Right now for a do it all suppressor today the most common are Mask or Spectre II, both perform great on rifle and pistol plus and clean easy. I tend to favor the Mask just like it's shorter length and construction.
Pistol only I still like the Element II best it's crazy quiet and more compact size/lighter weight. Personally, I still think the Element has less FRP than my Mask or Spectre II shot side by side on matching 22 pistols. Just because new stuff hits the market and becomes the "in thing" does make it unseat the old King performance wise the elements K baffles are just super effective. That said the element requires more frequent cleaning so for high volume shooting I would perfer the Mask for ease of cleaning. I have a El Camino on order I'm hoping it with turn out to be a good lite-weight/quiet pistol can for me also.
Rifle wise for range work or sport shooting there many models that sound great on a rifle with zero to low FRP and easy cleaning. Most folks rule on the Sparrow SS because it does has FRP on a pistol that said on a rifle it's silly quiet and ultra easy to clean. If you add a few drops of water to the Monocore suppressors like the sparrow, GM-22, Regulator they are nuts quiet on a rifle and it wipes out FRP on pistols fired wet. My GM-22 wet sounds noticeable better than my Mask dry on a handgun FRP wise.

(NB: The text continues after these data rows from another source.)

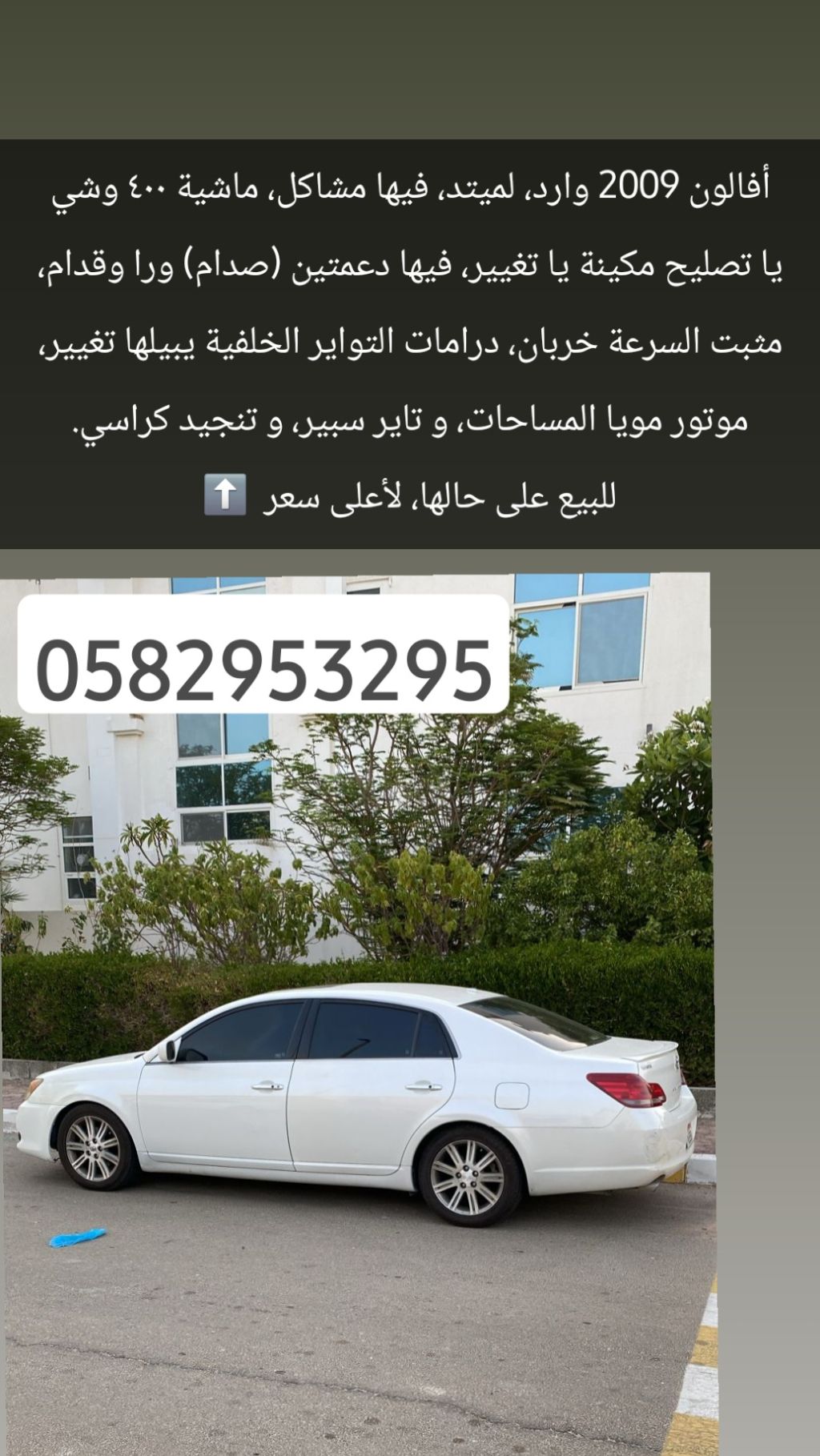 تويوتا أفالون 2009 وارد، نسخة محدودة، بها مشاكل، مسافة 402,000 كم. تحتاج إما إلى تصليح المكينة أو تغييرها. بها تلف في الصدام الأمامي والخلفي. مثبت السرعة معطل. درامات العجلات الخلفية تحتاج إلى تغيير. موتور مياه المساحات، وإطار احتياطي، وتنجيد المقاعد متضمنة. للبيع كما هي، لأعلى سعر.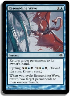 Return target permanent to its owner's hand. Cycling 5WUB (5WUB, Discard this card: Draw a card.) When you cycle Resounding Wave, return two target permanents to their owners' hands.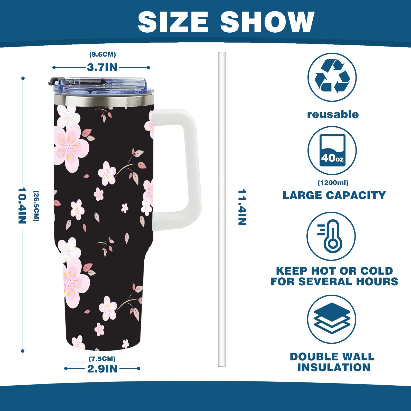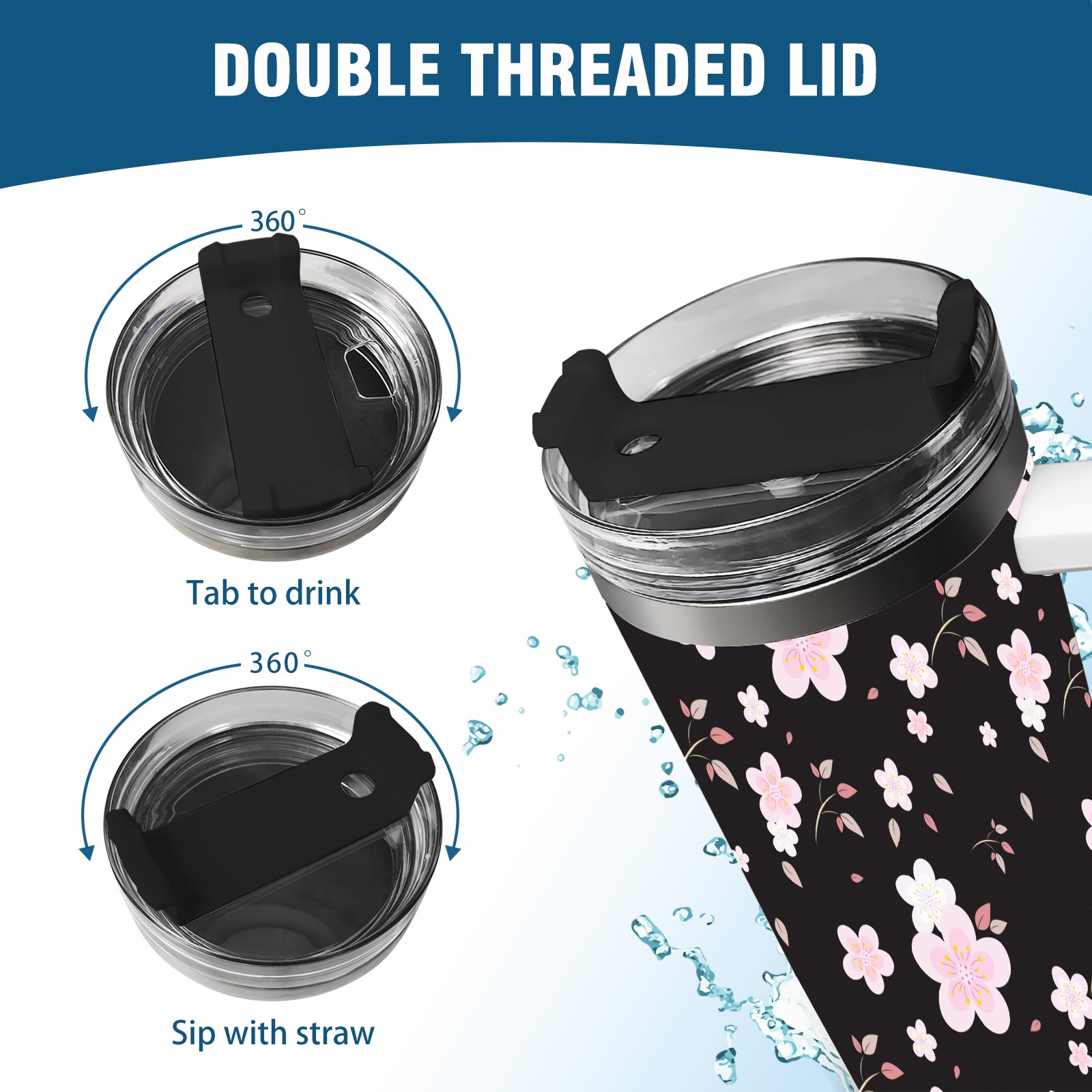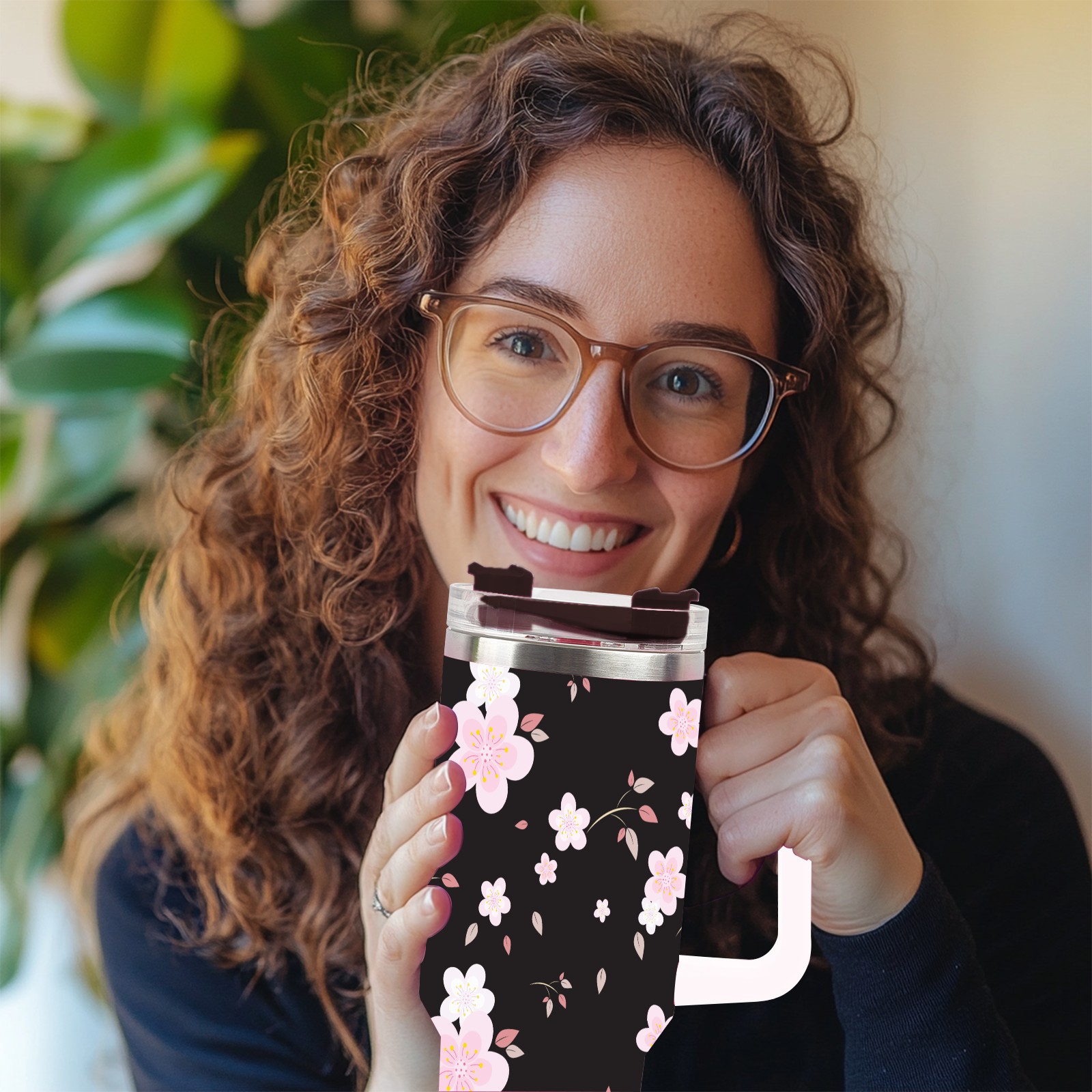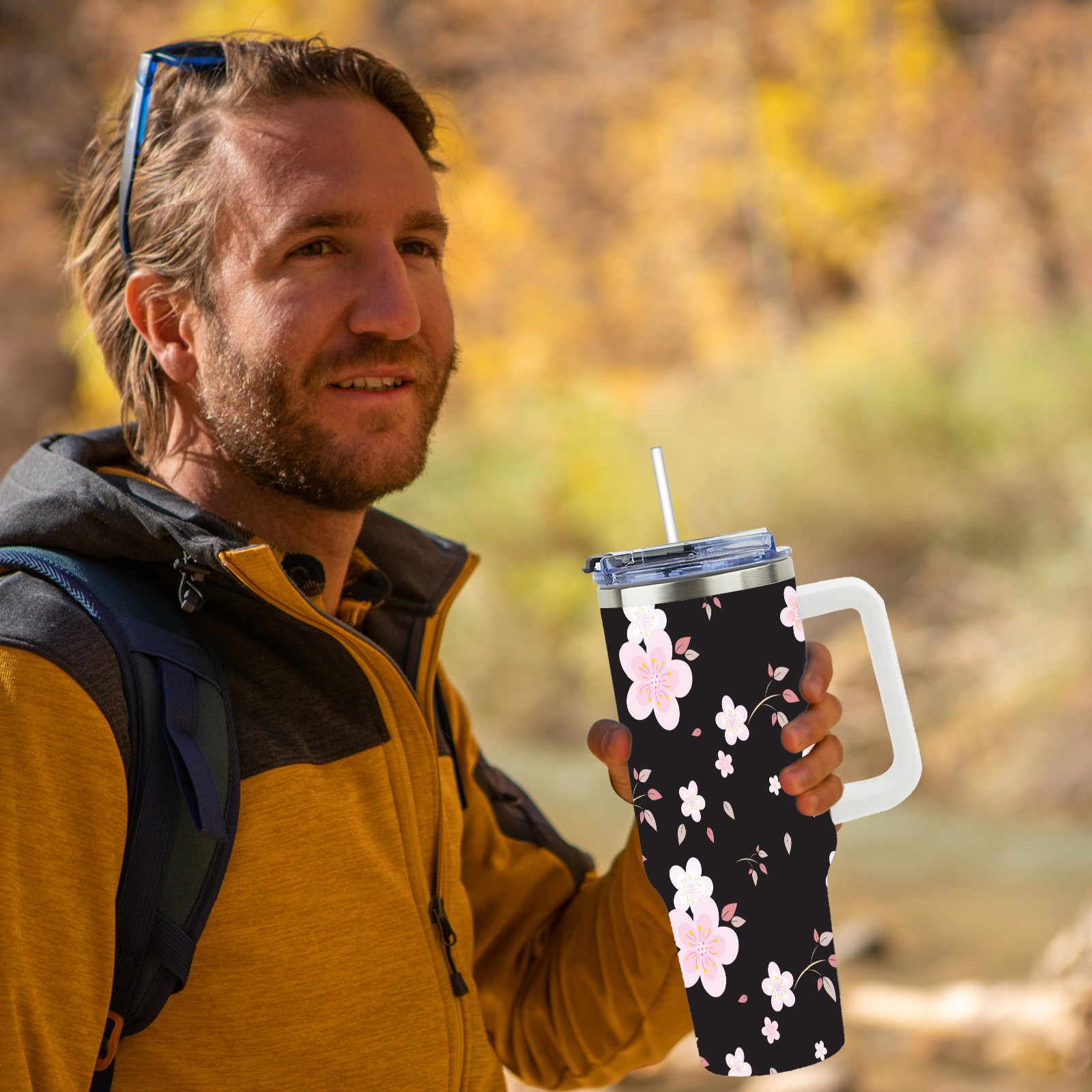 40oz Seamless Flora thermos with lid and straw, leak-proof stainless steel, with handle, spill-proof bottle, convenient for travel(pink)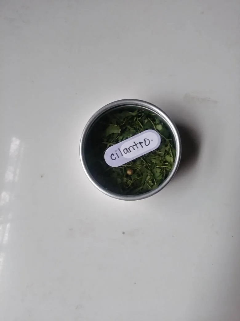 One small watchmaker's container of cilantro, dried in my dehydrator from fresh.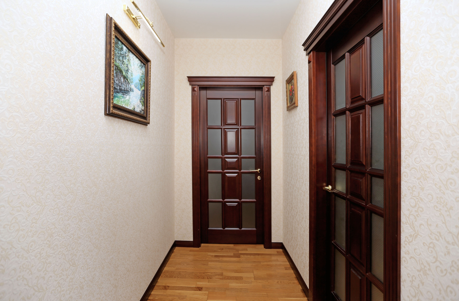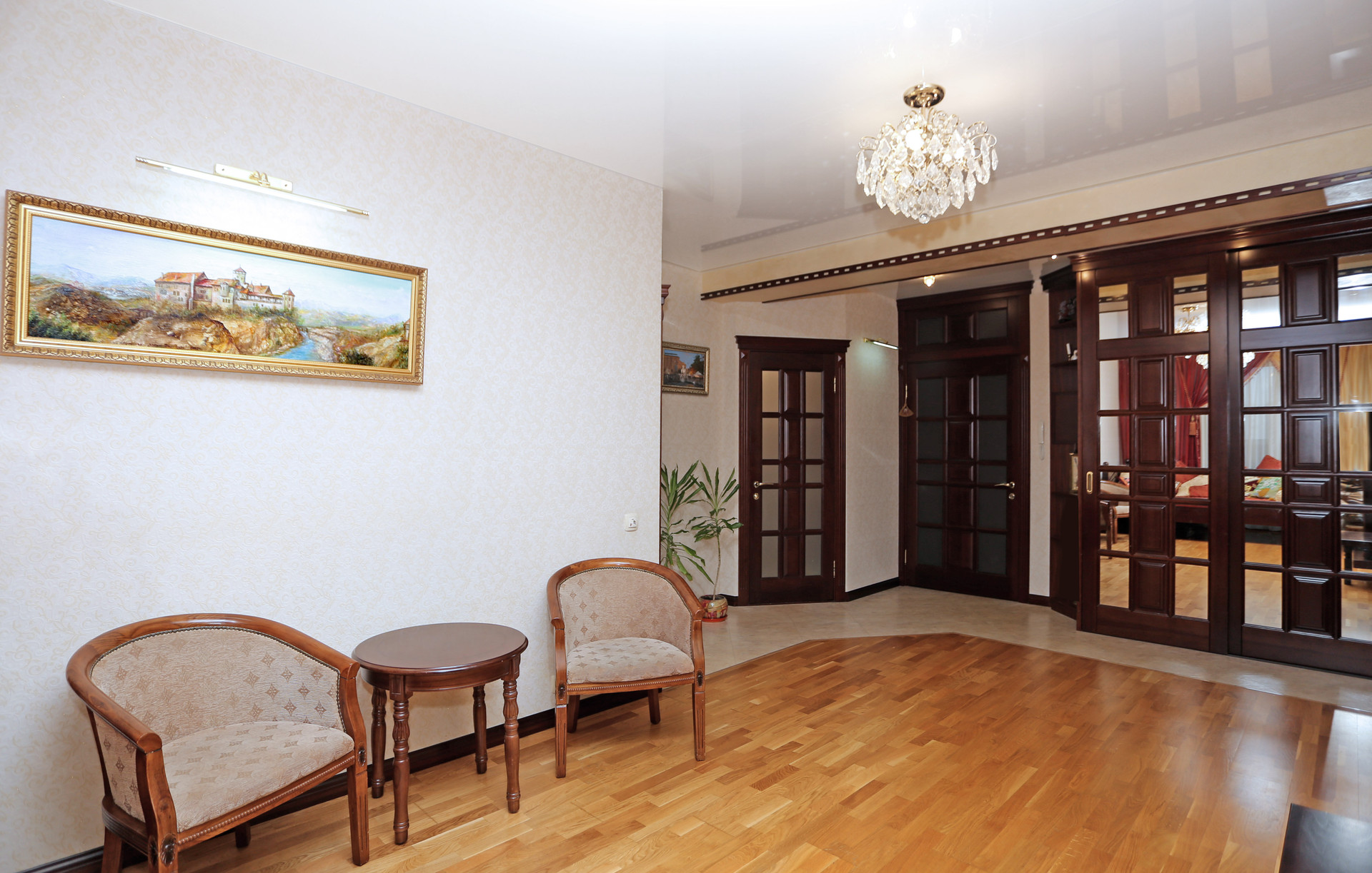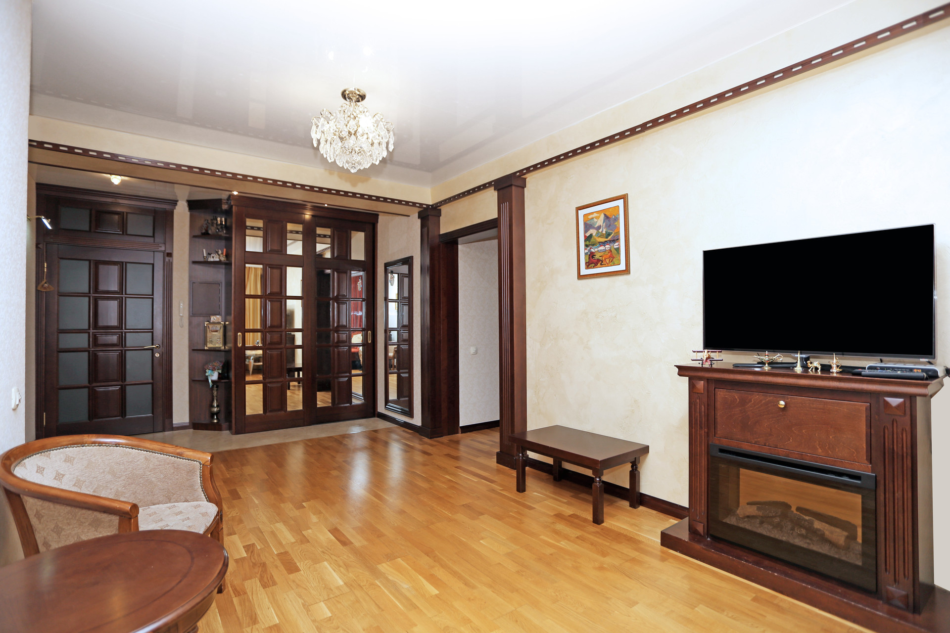 В отделке  использованы только качественные натуральные материалы- паркетная доска;  двери ,  мебель и элементы декора - из массива дерева.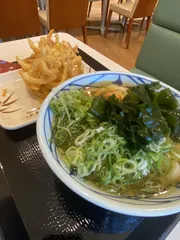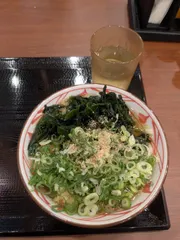 ♪別の機会の楽しみに♪ ぶっかけうどんをいただきました🥢 わかめと天かすのトッピングもなかなかの美味でした♪ こちらはうどん札×10枚で無料だったので、とてもありがたい🙇♂️ 丸亀製麺は自分1人の時だけでなく、家族揃って一緒に食事する機会もこの夏は多かったので、うどん札が貯まるのもいつもより
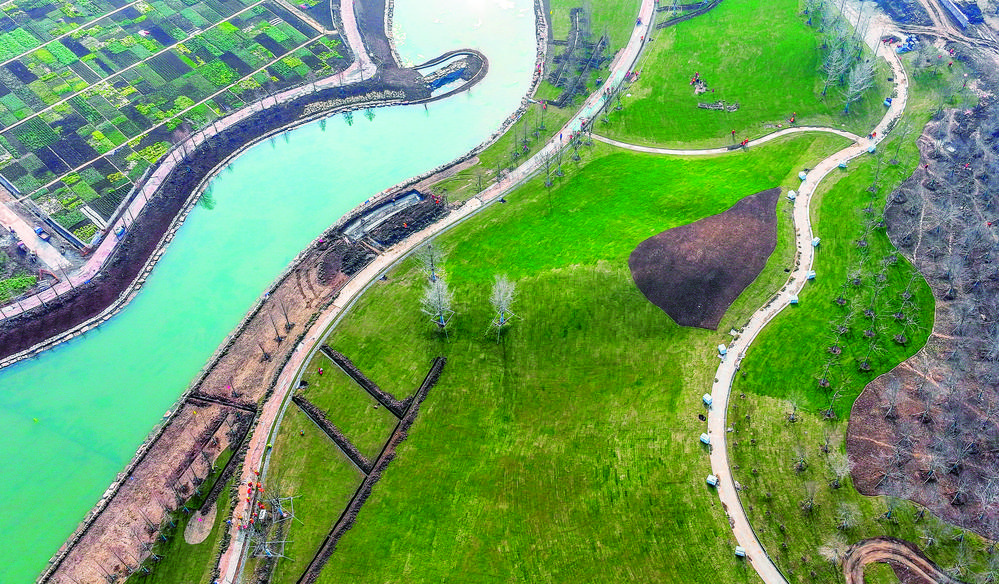 2月20日,湖北省襄阳市襄水源景区正在进行绿化等收尾工作。该工程在保留原有土丘密林地貌的基础上,对堤岸进行拓宽,修筑拦水坝,打造出生态陂塘风貌。同时,新建了生态停车场、生态厕所、襄源驿站等服务设施,为游客提供便利。杨 东摄(中经视觉)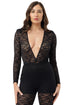 -Body con scollo a  V a manica lunga in pizzo traforato con spallina imbottita.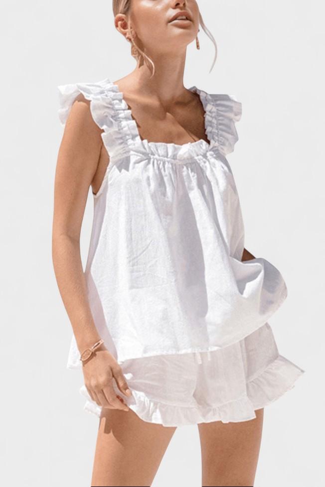 • Design og silhuet: Flæser på toppen og flæsekant på shorts skaber en let, feminin silhuet.

That surprised me because dry the Gm-22 has loud FRP on a handgun. Yes I know that's dry to wet not a fair head to head, but I don't mind shooting the GM-22 wet because it's so easy to unscrew and wash right out after shooting. I don't like shooting my Mask wet because it makes more of a mess inside and the baffles tend to stick/get harder to remove at cleaning time.
For hunting, back yard shooting and low volume type shooting cleaning isn't huge deal you should focus more on first shot FRP since you will often just fire one shot.
Range type shooting better look for a high volume, easy to clean model.